I am in the midst of writing an essay for Nature Chemistry - about why people are so curious about stereotypes of scientists, but seem less so about other fields. There is the DAST (draw a scientist test), but not as far as I can discover similar instruments to assess the images of other professions. Where are the DATTs (draw a teacher test) and DACTs (draw a chef test)? On the other end of the cultural spectrum there is the Big Bang Theory.

The earliest anthropological study I can find dates to the late 1950s and is by Margaret Mead (yes, that Margaret Mead) and Rhoda Metraux under the auspices of the AAAS. They analyzed thousands of essays, drawn from a set of 35,000 written by US high school students. The 1 page essays were written in response to one of three prompts. Prompt I read "When I think about a scientist, I think of..."
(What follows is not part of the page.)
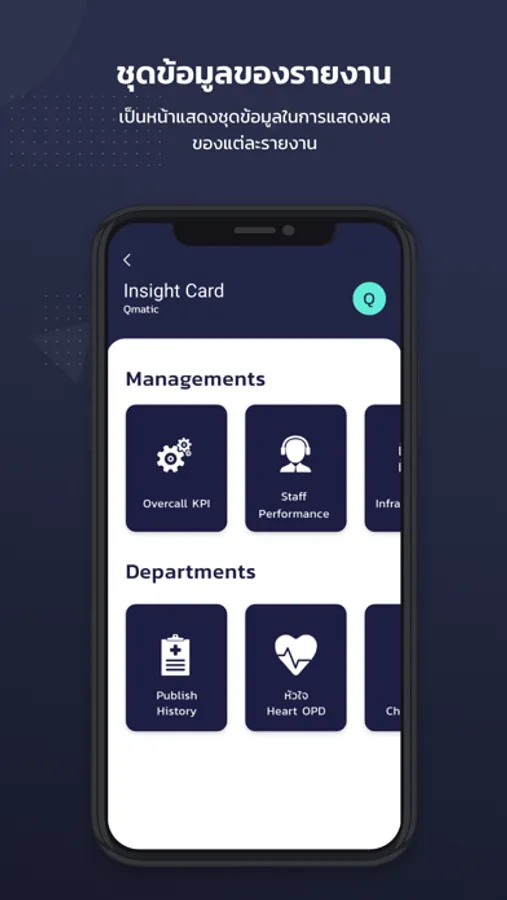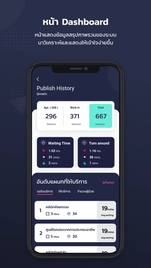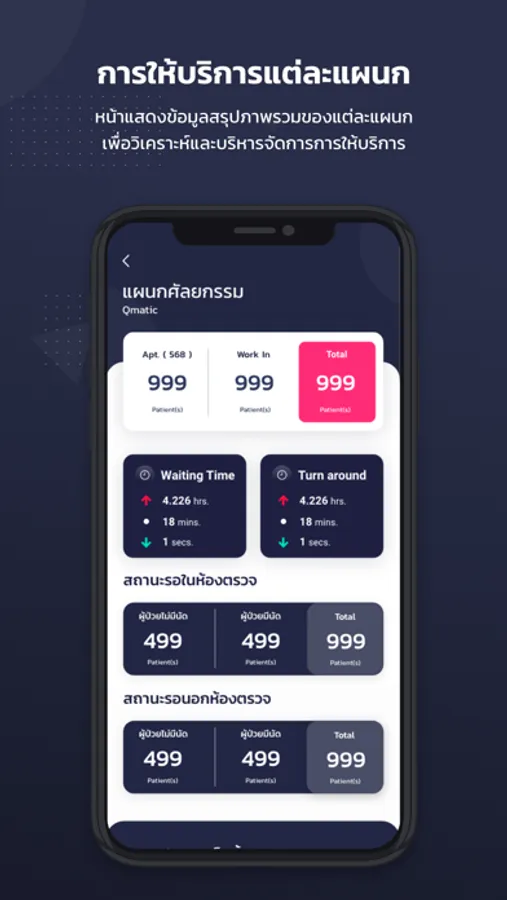 แอปพลิเคชันสำหรับการดูข้อมูลสรุปการให้บริการผู้ป่วยของแต่ละโรงพยาบาล จะมีการแยกสิทธิ์การเข้าถึงข้อมูลรายงานแต่ละหน้าจอโดยแยกตามตำแหน่งของผู้ใช้งาน ตัวอย่างข้อมูลสรุปรายวันที่แสดงผล ได้แก่ ข้อมูลจำนวนผู้ป่วยที่เข้ารับบริการทั้งหมด ข้อมูลระยะเวลาการรอรับบริการ ข้อมูลระยะเวลาการเข้ารับบริการ และข้อมูลอันดับแผนกที่ให้บริการ เป็นต้น

What took my breath away was Prompt II (italics are not mine, but as quoted in Mead's paper):
If you are a boy, complete the following statement in your own words.
If I were going to be a scientist, I should like to be the kind of scientist who...

If you are a girl, you may complete either the sentence above or this one:
If I were going to marry a scientist, I should like to marry the kind of scientist who..."
Math Man points out that I did both.

Images are from K.D. Finson, J.B. Beaver, B.L. Cramond, "Development and Field Test of a Checklist for the Draw-A-Scientist Test" School Science and Mathematics 95, p. 195 (1995).


  1. Oh. My. In our own short lifetimes, such a dramatic and very welcome change!